Some taking-a-shower thinking:
Given $x$, find $1/x$ using multiplication only.
I understand these axioms
$$ n \times inv(n) = 1 $$ $$ n \div d = n \times inv(d) $$
But I couldn't think of a way to derive $1/x$ from $x$ using only multiplication.
I'm a complete math noob but if it's not possible, I'm interested in a proof that demonstrates it as fact
On
While there's no way to get an exact answer using just multiplication, it's worth noting that it's possible to generate approximate answers; in fact, this is how most CPUs have traditionally done division, by using a version of Newton's method for root-finding. Starting with a very rough approximation $x_0$ to $\frac1n$ (usually found in practice by table lookup), we can compute much better ones by setting $x_1=x_0\times(2-nx_0)$, $x_2=x_1\times(2-nx_1)$, etc; this is the same as saying that $x_{i+1} = x_i+x_i\times (1-nx_i)$ — note that if $x_i$ is close to $\frac1n$, then $1-nx_i$ will be very close to zero, so $x_{i+1}$ will be pretty close to $x_i$ and thus also pretty close to $\frac1n$. In fact, it'll be closer; if the relative error in $x_i$, that is $1-nx_i$, is $\varepsilon$, then the relative error in $x_{i+1}$ will be $1-n\times x_{i+1}$ $=1-n\times(x_i\times(2-nx_i))$ $=1-2nx_i+n^2x_i^2$ $=(1-nx_i)^2$ $=\varepsilon^2$. In other words, every iteration doubles the number of correct digits in the approximation.
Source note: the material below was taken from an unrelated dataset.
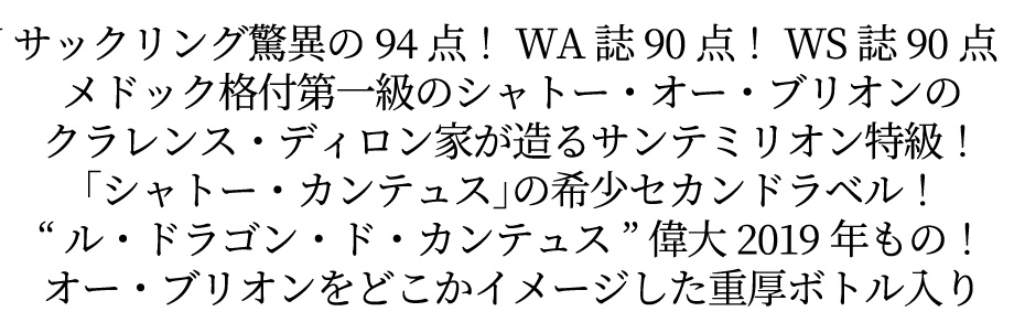 ル ドラゴン ド カンテュス(キンタス) 2019 AOCサンテミリオン グラン クリュ 特級(シャトー オー ブリオン のクラレンス ディロン家元詰)
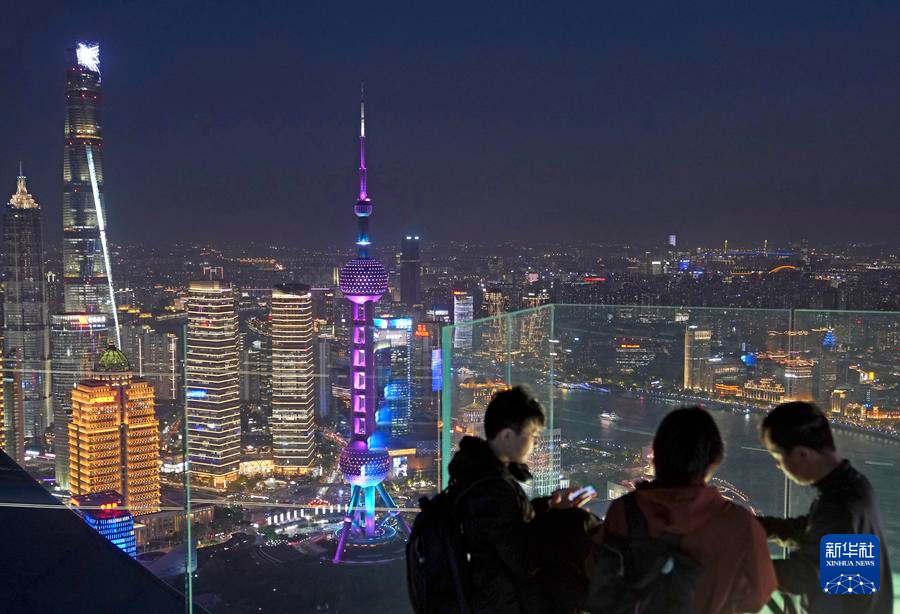 14日、上海白玉蘭広場の展望台「The Stage」で上海の夜景を楽しむ人々。(上海=新華社記者/劉穎)

You can try this yourself: suppose we want to compute $\frac17$. Well, $7$ is kind of close to $10$, so we'll start with $x_0=.1$. Now, we iterate: $$x_1=x_0(2-7x_0)=.1(2-.7)=.1\times1.3=.13$$ $$x_2 = x_1(2-7x_1)=.13(2-.91)=.13\times1.09=.1417$$ $$x_3 = x_2(2-7x_2)=.1417(2-.9919)=.1417\times1.0091=.14298947$$ And this is only about $.0001$ away from the actual value $.\overline{142857}$
On
Strictly base 10 decimals. To get $\frac 1{2^k5^m}$. e.g. to get $\frac 1{16}$ or $\frac 1{625}$ or $\frac 1{400}$.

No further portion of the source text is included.